There are only so many times we can keep going over the same questions, problems, and disagreements, and I’ve come to the realisation that on most of the issues of any importance I’ve more or less settled my mind, and thus it’s time to just move on. Take the existence of God. I am absolutely convinced that God exists, it seems fairly obvious to me; though natural theology just feels tedious these days. I’ve little to say to atheists and they’ve little to say to me that I haven’t heard 101 times before. We’re at an impasse that philosophy cannot resolve, and continuing bickering is pointless. The same goes for what has been probably my biggest research interest for years: the problem of evil. I’ve nothing more to say about it and, to my mind anyway, it’s dead in the water as a serious intellectual objection to Christian theism. My third primary interest focused on the nature of God, and in particular God’s providence. This is an area in which I feel I’ve made the least progress, but it’s the area wherein perhaps there’s far less progress to be made. Trying to fathom the intricate detail of the nature and work of a being I can barely comprehend seems the height of futility. I’ve been reading some Calvinist works recently and it suddenly occurred to me that few of us really have any clue whatsoever how such a being governs the world, and yet our philosophical pretensions rumble on regardless. To some, that might sound like I’m on the slippery slope to agnosticism, and to some degree they’d be right. Fundamentally, it’s a recognition of my own inability to grasp the nature of God and my acceptance that that’s just the way it is and that’s OK. I’m happy not knowing, and refusing to speculate seems the least bad option. Nothing seems to hang on one’s view of divine omniscience, eternity or providence. It makes not a jot of difference.
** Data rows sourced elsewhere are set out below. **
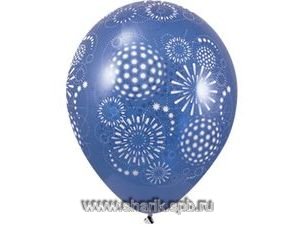 Высококачественный шар из натурального латекса. Ассорти из 10-12 цветов (в случайном соотношении), одного тип - кристалл - яркий, прозрачный шар. Шары с пятисторонним - круговая печать, крупным шелкографическим рисунком "Фейерверк".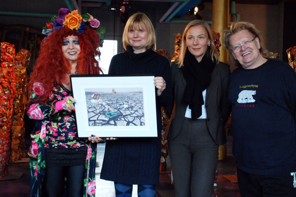 Diese Zusammenarbeit trägt nun weitere Früchte. Der Künstler ließ sich von dem Ereignis auf dem Roncalli-Platz zu einer Collage inspirieren, die nun als Graphik vorliegt. „Wir wollten die Aktion auf dem Roncalliplatz nicht als reine Kunstaktion stehen lassen und auch Obdachlose unterstützen“, sagte Kathrin Möller, Vorstandsmitglied der GAG. Der Erlös aus dem Verkauf kommt nämlich zu 100% der neue Initiative „kunst/hilft/geben“ zu Gute. Sie fördert Projekte für Arme und Wohnungslose in Köln, z.B. mit Spenden an die Kölner Tafel oder einem geplanten Wohnheim. Unterstützt wird der Verein dabei unter anderem von Bürgermeisterin Elfi-Scho Antwerpes, der Kunstberaterin Jeane Freifrau von Oppenheim oder dem Schriftsteller Günter Wallraff.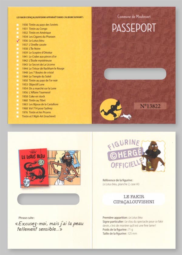 - Version Moulinsart : avec le logo tintin.com sous le socle, sans livret ni passeport

Philosophical thinking is, of course, inescapable, and this is no abandoning of philosophy in general on my part. It’s a re-orientation and application of what philosophical ability I have to newer (at least to me) and more important questions. To that end my work on the problem of evil, natural theology, and the nature of God, will largely cease. I will continue to explore miracle claims as I still find these intriguing and I haven’t yet settled the matter to my own satisfaction. I also intend to engage more directly in matters of ethics and political philosophy, both of which have massive implications for human life and well-being, and I will continue my work in inter-faith relations. In short, I’m abandoning heaven in favour of earth in my philosophical ruminations.

I’ll be turning 40 this year, which means that the best part of my life is almost certainly behind me. Looking ahead I’d rather not waste any more time on the same old problems that intellects of far greater philosophical power than me struggle to make any progress on, or on areas I’ve already firmly decided. Some might interpret this move as something of a mid-life crisis. Perhaps they are right, though it’s a much cheaper way to do it than buying a motorbike.

I hope readers will continue to find my writings engaging despite the change of emphasis, and maybe even because of it.